What about advice for young ministers’ wives?

Shirley: Love the Lord and realize that your husband is serving him and you’re serving the Lord by helping your husband and allowing a little bit of extra patience in your demands on him.

What can a local church do to support their minister’s family?

Shirley: If the church loves their minister, and the minister’s wife, and their family, that will go a long way.

Glen: “Amen” to that. Churches need to see the preacher as a colaborer, not as a hireling. I’ve been on both sides of that issue and you establish the value of the pastor by the way you treat him. Remember his family on special days and times like Pastor Appreciation Month, Christmas, and annual salary reviews. Take them out to dinner and tell them they are appreciated.

How about the relationship of the leadership to the minister?

Glen: He needs to have room to work, needs to be prayed for, and he needs support. I’ve studied churches where the preacher is not allowed to lead and is not supported by elders and boards; they do not flourish. The man with a dream ought to be given permission to lead. Most of us got into this work because we believed we could make a difference—felt God called us to it. The man who has the dream must have the opportunity to lead or that local church is going to be the loser.

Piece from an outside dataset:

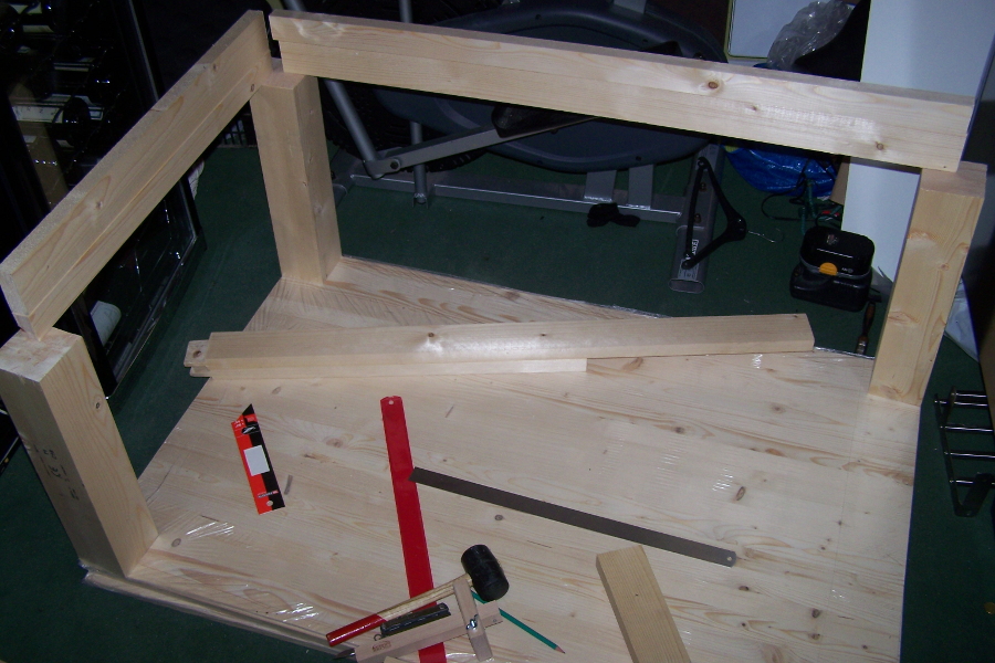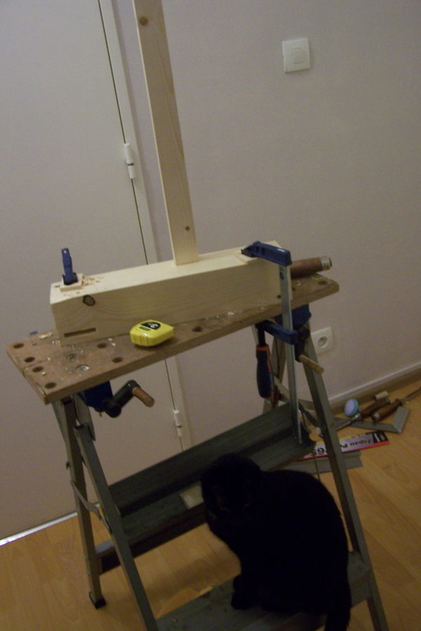 Vu que l'opération est assez répétitive, je ne vais pas vous assommer de photos ... Sachez juste que mes assemblages sont de mieux en mieux ajustés. Dernier problème à régler : j'ai du mal à faire les mortaises parfaitement d'équerre. Du coup, les deux traverses qui se fixent sur un même pied ne sont pas tout à fait parallèles. Vu la flexibilité du pin, j'arrive à les remettre en place, et les deux plateaux devraient rigidifier le tout et forcer l'équerrage, mais c'est perfectible.

It must be satisfying to see how things have worked out.

Glen: In retrospect, I would do it all over again. There are no regrets. It is a lifestyle that I would recommend to all who know the Lord has called them. The highest calling in the world is to preach the Word and pastor the flock. My only regret is that I have only one life to give to the Lord.

Brad Dupray is senior vice president, investor development, with Church Development Fund, Irvine, California.